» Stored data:

○ ○ ○ ○ ○

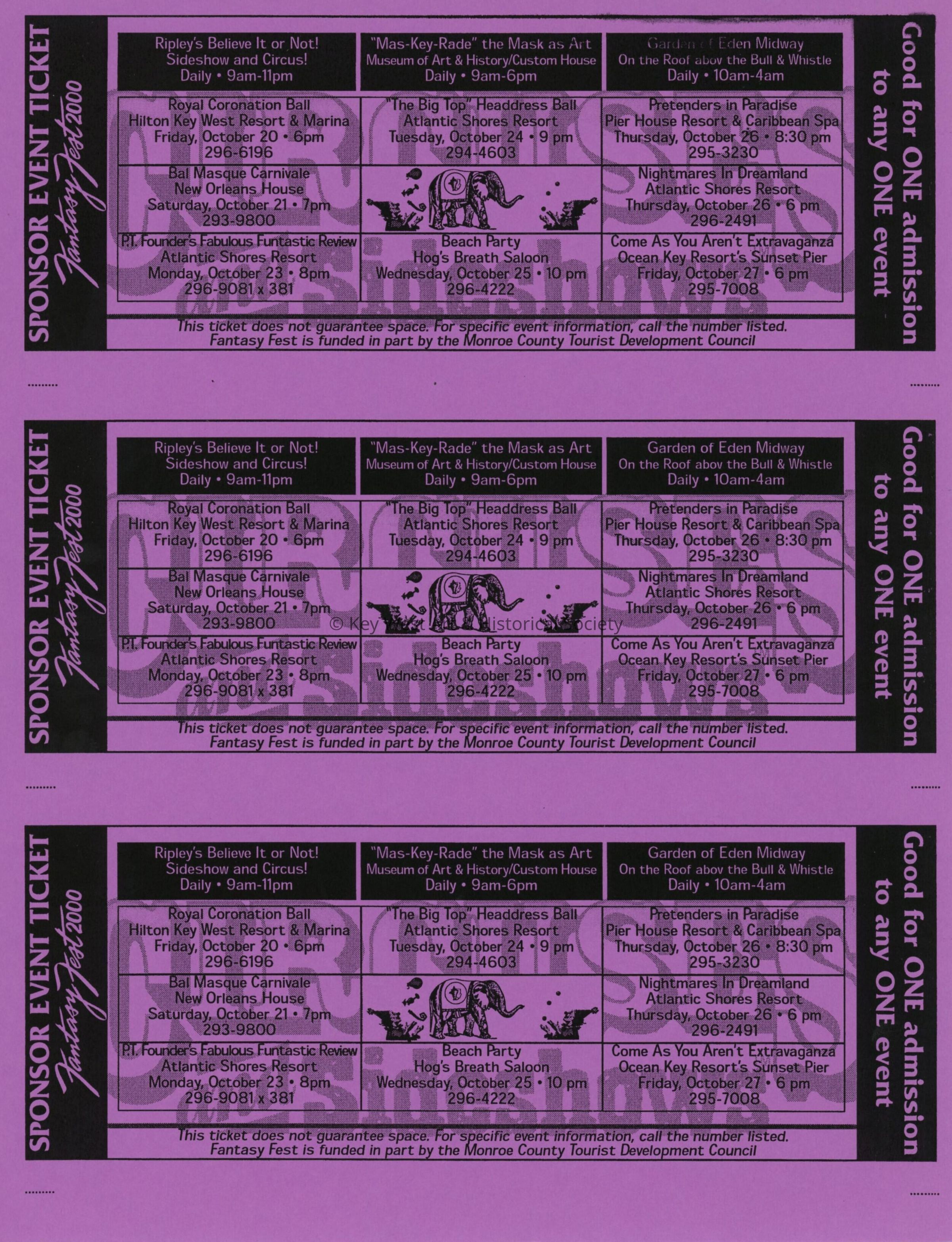Fantasy Fest 2000 Sponsor event tickets.Entry/Object ID
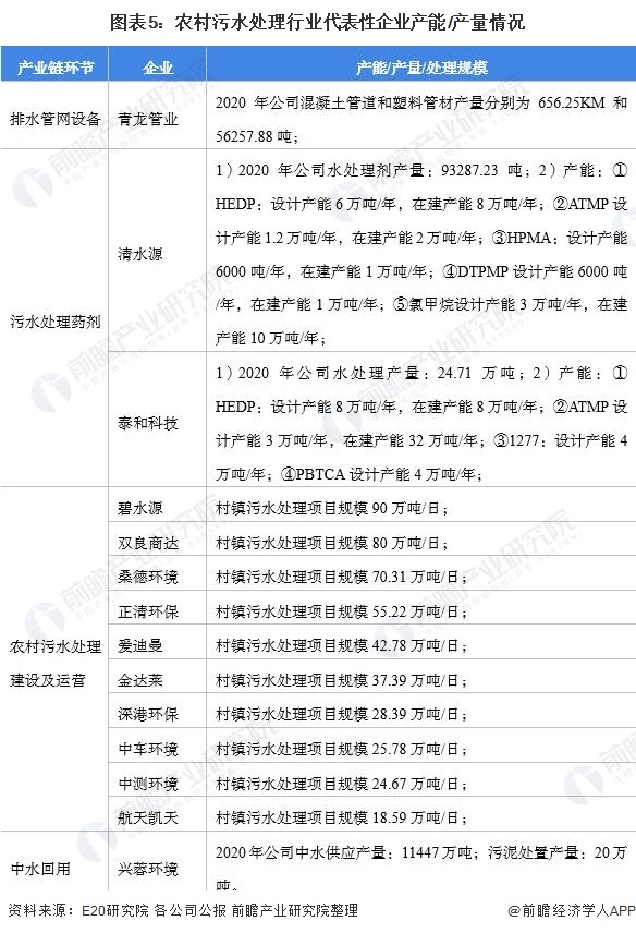 農(nóng)村污水處理行業(yè)代表性企業(yè)產(chǎn)能/產(chǎn)量/污水處理規(guī)模情況
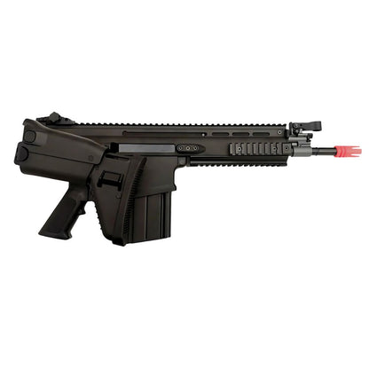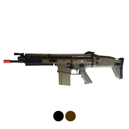 Il modello FN - SCAR-H si adatta a giocatori destrimani e mancini, grazie al selettore di tiro, lo sgancio caricatore e la leva di armamento completamente ambidestri. Il calcio pieghevole e regolabile in 6 posizioni consente di adattare perfettamente la lunghezza dell’arma alla corporatura e al tipo di missione, migliorando la maneggevolezza in spazi ristretti.
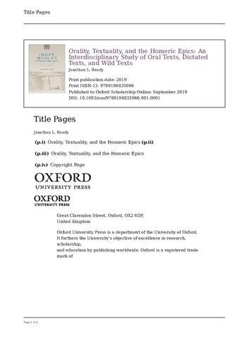 Orality, Textuality, and the Homeric Epics: An Interdisciplinary Study of Oral Texts, Dictated Texts, and Wild Texts Jonathan L Ready
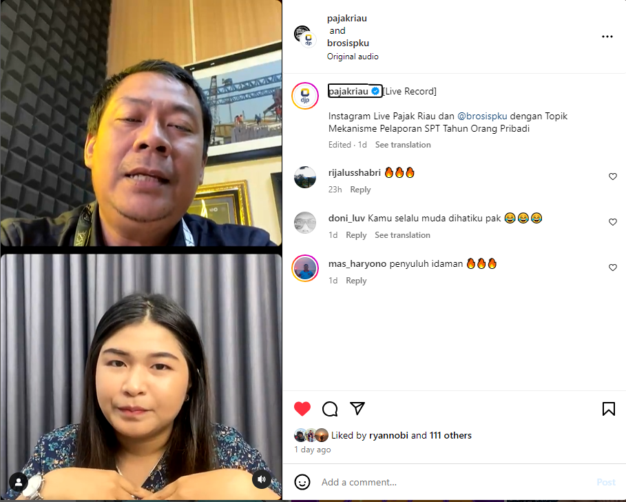 Live Instagram sebagai bentuk salah satu kegiatan penyuluhan tidak langsung 2 arah dilaksanakan oleh Tim Fungsional Penyuluh Pajak Kanwil DJP Riau Agus Suyanto dan Ika Dessy Andriana. Live Instagram digelar dengan menggandeng akun sosial media lokal yang memiliki followers cukup banyak dan dianggap akan memberikan dampak bagi para pengguna sosial media seperti @brosispku dan @infoPku.

○ ○ ○ ○ ○

» WORK TASK:
Leaving out all pictures, print exactly the lines above from the one containing "農(nóng)村污水處理行業" through the last line of the entries.

» TASK ANSWER:
 農(nóng)村污水處理行業(yè)代表性企業(yè)產(chǎn)能/產(chǎn)量/污水處理規(guī)模情況
 Il modello FN - SCAR-H si adatta a giocatori destrimani e mancini, grazie al selettore di tiro, lo sgancio caricatore e la leva di armamento completamente ambidestri. Il calcio pieghevole e regolabile in 6 posizioni consente di adattare perfettamente la lunghezza dell’arma alla corporatura e al tipo di missione, migliorando la maneggevolezza in spazi ristretti.
 Orality, Textuality, and the Homeric Epics: An Interdisciplinary Study of Oral Texts, Dictated Texts, and Wild Texts Jonathan L Ready
 Live Instagram sebagai bentuk salah satu kegiatan penyuluhan tidak langsung 2 arah dilaksanakan oleh Tim Fungsional Penyuluh Pajak Kanwil DJP Riau Agus Suyanto dan Ika Dessy Andriana. Live Instagram digelar dengan menggandeng akun sosial media lokal yang memiliki followers cukup banyak dan dianggap akan memberikan dampak bagi para pengguna sosial media seperti @brosispku dan @infoPku.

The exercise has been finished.